Humans need teshuva. I think the build up without it would lead to hatred, loathing, and murder. Teshuva predated the creation of the world, my Rabbi said Saturday morning at services. I said that I disagree with the Midrash and that teshuva was planted within the Tree of Knowledge of Good and Evil. If it was in the world beforehand, then only discerning minds could learn how to unlock it. The only one to never have Original Sin (another thing that got brought up in the discussion yesterday), I said, was Cain, who was chronologically born before the eating from the Tree. He had no concept of Teshuva, so when he felt Abel and God wronged him, he went out into the field and murdered his brother. When God asked what Cain had done, Cain infamously asked, “am I my brother’s keeper?” Cain shows no remorse, no teshuva. He can’t. He doesn’t know. He is filled with so much hate that he has no ability to vent or accept anything.
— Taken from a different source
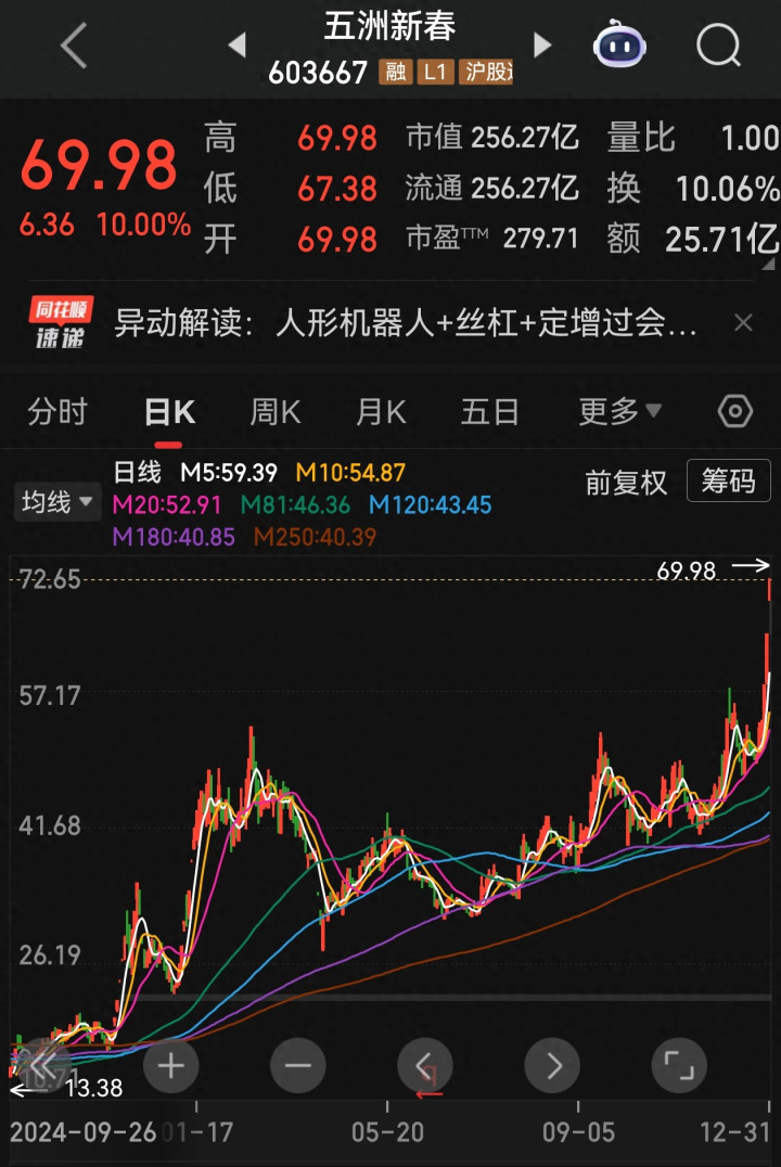 先看五洲新春,这只股年末走出了3天3板的强势行情,2025年最后一个交易日直接封死涨停,收盘价69.98元,涨幅刚好10%。当天交易那叫一个热闹,换手率突破10%,成交36.83万手,成交额高达25.71亿元,足见市场关注度有多高。资金面上更是主力撑腰,主力资金净流入近亿元,虽然游资和散户有点谨慎选择流出,但主力的坚定买入撑起了股价强势。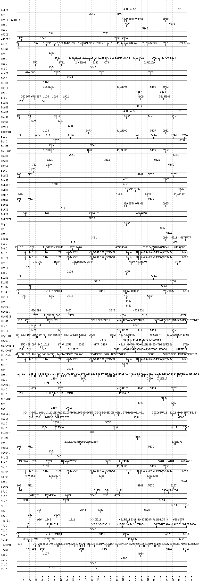 Uncut enzymes: AccIII(BspMII), AfeI, AgeI, AlwI, AlwNI, Aor51HI(Eco47III), ApaI, ApaLI, AscI, AvrII, BaeI, BalI, BamHI, BbsI, BbvCI, BbvI, BcgI, BciVI, BglI, BglII, BlpI, BmrI, BpmI, BsaI, BsaXI, BseRI, BsgI, BsmAI, BsmBI, BsmFI, BspEI, BspMI, BsrBI, BsrGI, BstAPI, BstNI, DraIII, DrdI, EarI, EciI, EcoNI, FauI, FokI, FseI, HaeII, HgaI, HphI, I-CeuI, I-SceI, KasI, MboII, MlyI, MnlI, MscI, NaeI, , NarI, NcoI, NgoMIV, NotI, NruI, PI-PspI, PI-SceI(VDE), PacI, PaeR7I, PflFI, PflMI, PleI, PmeI, PmlI, PshAI, PsiI, PspGI, PspOMI, PvuI, RsrII, SacII, SapI, SbfI, SexAI, SfaNI, SfiI, SfoI, SgrAI, SphI, StuI, TliI, Tth111I, XhoI

Teshuva is foreign to him and if the entire world was filled with people like him, everyone would be dead. If God was not forgiving, then Noah and his clan wouldn’t have been saved in the flood or its aftermath either. It takes the ability to say you are sorry and the ability to accept apologies. Both of these things take the greatest resolve, courage, and in order to do it you have to “lose face” as the kids call it these days. Pharaoh was unable to listen to Moses because his heart was hardened. Likewise, so many of us have hardened our hearts, whether intentionally or unintentionally, to reason, to compromise, to peace. The Torah and the High Holiday liturgy suggest a cure, may we circumcise our hearts (metaphorically of course) to love God so that we may live. We need to learn to open our hearts to accept those who beg our forgiveness, just as God readily does for us, and we need to soften our hearts and tread on our egos to “lower” ourselves to apologize for wronging others. Then maybe, just maybe, we can live in peace.

Gmar Chatima Tova, May we be sealed for a year of goodness. Also, if I have wronged any of you in any way in the past, please accept my apology. I am also ready to accept people who have wronged me, just ask.